As for cannabis, I still have a relationship with the plant but it’s evolving: I’ve removed the stresses that I let justify a daily habit, am living my life in ways that engage and excite my brain leading to less anxiety and better sleep, and am no longer immersed in a world where regular weed events and free samples are the norm. I still believe in its theraputic potential to help so many people; prohibition has caused an incredible amount of needless suffering and I want that to end. The weed education business I share with my dear friend Penny will go on, but it’s evolving too. Perhaps I’ll tap into the global market someday as a writer or consultant, but as far as I’m concerned capitalism has cannabis now. I’m just gonna be over here doing something else.
But a couple nuggets to share before I go…
Governor Newsom has put the kibosh (temporarily) on the cannabis tax hike originally set to kick in on October 1, much to the relief of businessowners trying to make it in the regulated industry. For patients and consumers who buy from dispensaries, this means the excise tax will stay at 15% instead of increasing to 19%. For those who buy from the far more popular underground, ain’t nothing changed. On the flip side, this KQED article is a great educational read on the impact this will have on youth and environmental groups that rely on weed taxes, shedding additional light on the complex concessions made when adult-use was legalized in the Golden State in 2016.
In their latest issue, Cannabis & Tech Today invited folks to submit pieces celebrating industry advocates, and I was proud to be one of them.
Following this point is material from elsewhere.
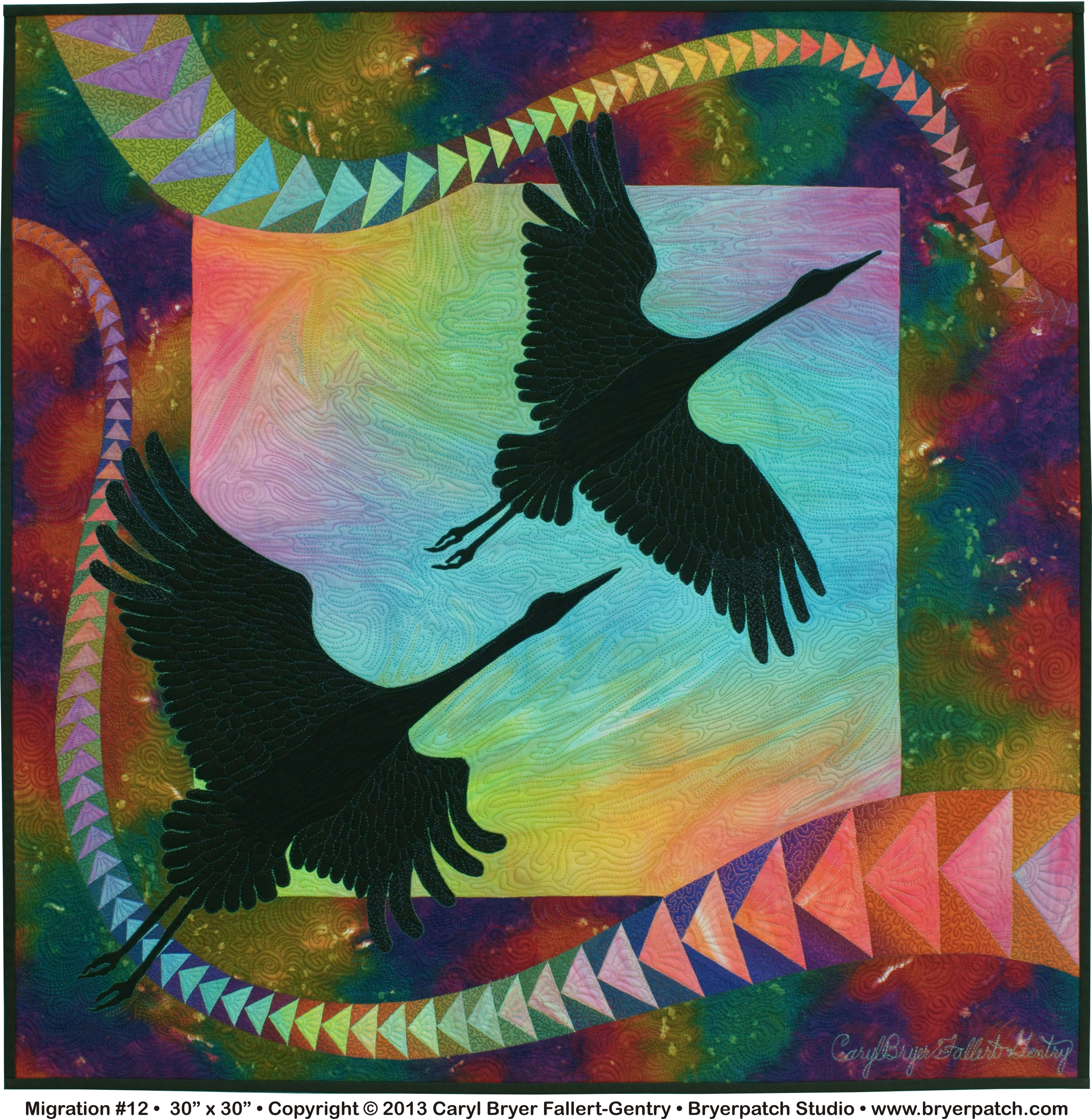 In January of 2013, I married Dr. Ron Gentry in a private ceremony at The National Quilt Museum. Our ceremony was held in front of my 1995 AQS Best of Show quilt, Migration #2, which has 21 black birds flying from the bottom right corner to the top left corner. We chose this piece as a backdrop because we have become migratory humans, spending half of the year in Paducah KY, and half in Port Townsend, WA. This quilt, a miniature version of Migration #2, has only two black birds, and was made to hang at our April, 2013 reception to celebrate our marriage.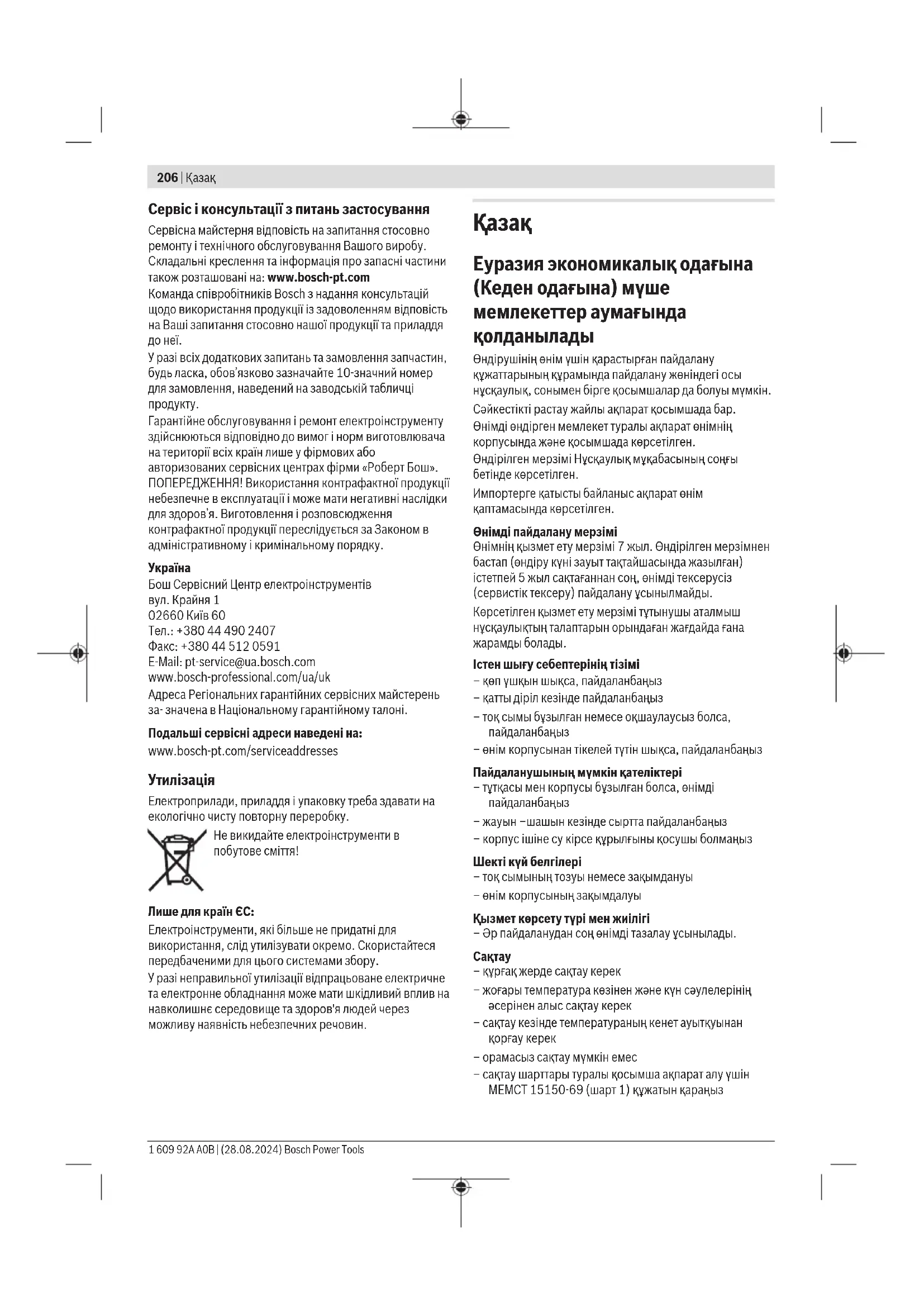 – барлық электр құралдарындағыдай электр құралының қалыпты тозуы. Bosch Power Tools 1 609 92A A0B | (28.08.2024)218 | Română Жалғағыш контактілер, сымдар, қылшақтар және т.б. сияқты құрал бөліктерінің қызмет ету мерзімін қысқартатын қалыпты тозу нәтижесінде қажеттілігі туындаған жөндеу кепілдік аясына кірмейді: – табиғи тозу (ресурстың толық пайдаланылуы); – қате орнату, рұқсатсыз модификациялау, қате қолдану, қызмет көрсету немесе сақтау ережелерін бұзу нәтижесінде істен шыққан жабдық пен оның

I chose to give flowers to Amber Senter, co-founder of Supernova Women – an organization that advocates for the inclusion of Black and brown women having a seat at the table in cannabis, and to whom I am forever grateful for granting me free entry to a costly industry conference when I was just breaking into the industry – and CEO of MAKR House, a brand that gives the people what they want by serving up both exceptional weed and sophisticated events for folks that exist outside the white Millennial stoner bro paradigm. Turns out giving back and making money can co-exist. Also, extra special shout out to Minorities for Medical Marijuana’s Roz McCarthy, who’s also written about in this piece.
Recommended Rabbit Holes
I’d be remiss not to share a few of the incredible resources that have kept me going through my recent life transition:
Chrishan Wright’s Blaxit Global Podcast exposed me to the stories of many Black people who found the lives of their dreams by leaving the U.S. I’m not really a podcast person but when I stumbled upon this one, right after last year’s election, I listened to it every day for 3 weeks straight.
Courtney Bowden’s Beauty in the Blaxit Substack is another platform sharing how Black folks are disovering their freedom by moving elsewhere.
For anyone who loves sports and hates fascism, Donnell Alexander is an epic writer who really meets the moment with his Substack, West Coast Sojourn.
That’s all I can think of at the moment, and maybe that’s enough. Thank you to everyone who subscribed and found resonance in something I wrote, it means a lot to me. Take care out there.